Hati gadis itu masih terguncang sejak pertemuannya dengan Darren tadi siang. Dia masih tak percaya, jika pada akhirnya, orang itu bisa menemukannya. Namun, pertanyaannya, bagaimana bisa? Bagaimana dia tahu di mana lokasinya berada? Dan yang terpenting, dari mana dia mengetahui keberadaannya?
Celine mengusap wajahnya frustasi. Tidak mungkin dia akan minta pindah rumah lagi kan?
"Celine," panggilan dari Shani membuat gadis itu menengok. "Ada masalah?" tambahnya.
Celine menggeleng. "Tidak ada, Ma."
Seharusnya dia jujur. Namun, dia tak bisa melakukannya. Karena dia tak ingin lagi menambah beban kedua orang tuanya, terlebih Shani.
"Beneran?" tanya Shani lagi.
"Iya, beneran, Ma ...," jawab Celine lagi.
Sementara itu, Shani masih tersenyum simpul. Dia tak yakin jika anaknya itu baik-baik saja. Terlebih, dia masih belum menyentuh makan malamnya. Padahal, itu adalah menu kesukaannya. Sepertinya, dia harus menanyakan hal ini kepada Melati selepas makan malam. Karena hanya orang itulah yang mengetahui kondisi Celine di luar rumah.
Selepas selesai makan malam dan mencuci piring, Shani langsung menghubungi Melati dengan terlebih dahulu keluar ke halaman belakang. Niatnya agar tidak ketahuan Celine.
"Melati, apa yang baru saja terjadi dengan Celine?" tanyanya tanpa basa-basi.
"Dia datang, Tante," jawab Melati.
"Dia? Maksudmu si cowok brengsek itu?!" Shani menggertakkan gigi. "Tapi, bagaimana dia bisa tahu keberadaan Celine di sini?!"
"Itu yang bikin Meme penasaran, Tante. Ngomong-ngomong, sebenarnya, Meme curiga sama satu anak yang kemungkinan ngaduin lokasi Celine."
"Siapa?"
"Lala, temen sekelas Celine."
><
Bayang cowok itu masih terus menghantui Celine. Senyumannya. Tatapan matanya. Dan yang terpenting ... rasa obsesinya yang masih belum pudar. Membuat gadis itu kesulitan memejamkan mata. Dia masih terpikir dengan cowok itu. Cowok yang tak disangkanya akan kembali menghantui hidupnya.
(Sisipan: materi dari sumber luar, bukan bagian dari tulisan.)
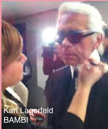
Karl Lagerfeld BAMBI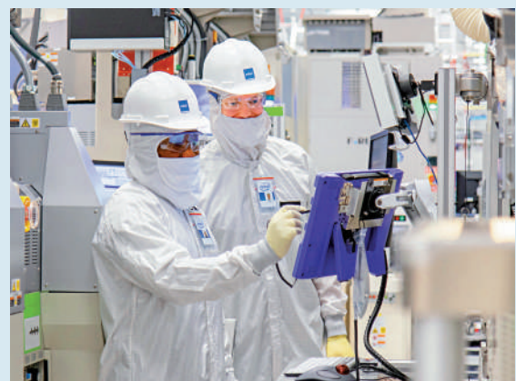
▲美國芯片商或被轉承擔關稅成本。圖為英特爾的工程師在愛爾蘭工廠工作。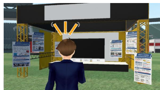
来場者アバターの目線のイメージ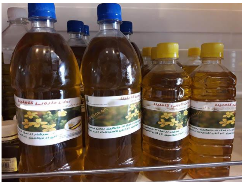
شکل ۳: روغن کاملینا، محصول شرکت دانش‌بنیان بیستون شفا

Kenapa ... kenapa dia harus kembali, Tuhan?
Dadanya bergemuruh. Tubuhnya kembali bergetar hebat ketika mengingat sentuhan dari cowok itu. Air matanya luruh perlahan. Membuat tubuhnya semakin bergetar. Terisak.
Kenapa? Kenapa dia harus kembali?
Isakan tangisnya semakin kencang. Dia ingin berteriak, tetapi tenggorokannya mendadak kering, membuatnya bicara saja sulit. Napasnya semakin tak beraturan. Bahkan, mungkin sekarang dia juga mulai lupa cara bernapas dengan benar. Karena yang ada di pikirannya sekarang hanyalah bagaimana cara untuk menghindari cowok itu.
Dan, bagaimana jika tiba-tiba saja cowok itu memutuskan untuk bersekolah di kampusnya.
Celine memegangi kepalanya yang mendadak sakit.
Jangan ... jangan sampai ... aku nggak mau ketemu cowok itu setiap hari ....
Air matanya semakin deras ketika membayangkan cowok itu akan meneror hidupnya lagi. Menghancurkan hidupnya sekali lagi. Tidak, mungkin untuk selama-lamanya.
"Nggak! Aku nggak mau! Aku nggak mau!" teriak Celine seraya memegangi kepalanya yang semakin sakit, sementara matanya semakin panas dan mengeluarkan lebih banyak air mata. Dia mengerang.
Penghuni rumah yang mendengar erangannya langsung berlari menuju ke kamarnya. Di luar, Vino menekan knop pintu kamar. Terkunci.
Vino menggertakkan gigi. Sial! Lalu, dia menoleh pada kedua orang tuanya. "Dikunci."
KAMU SEDANG MEMBACA
A Lovely Princess
Fanfiction[TAMAT] (16+) Bijaklah mencari bacaan agar terhindar dari hal-hal yang tak diinginkan. Peringatan: Semua yang tertulis merupakan fiksi belaka. _________ Hampir tiap malam, mimpi itu selalu menghantui Celine. Bukan sekedar mimpi buruk, tetapi juga me...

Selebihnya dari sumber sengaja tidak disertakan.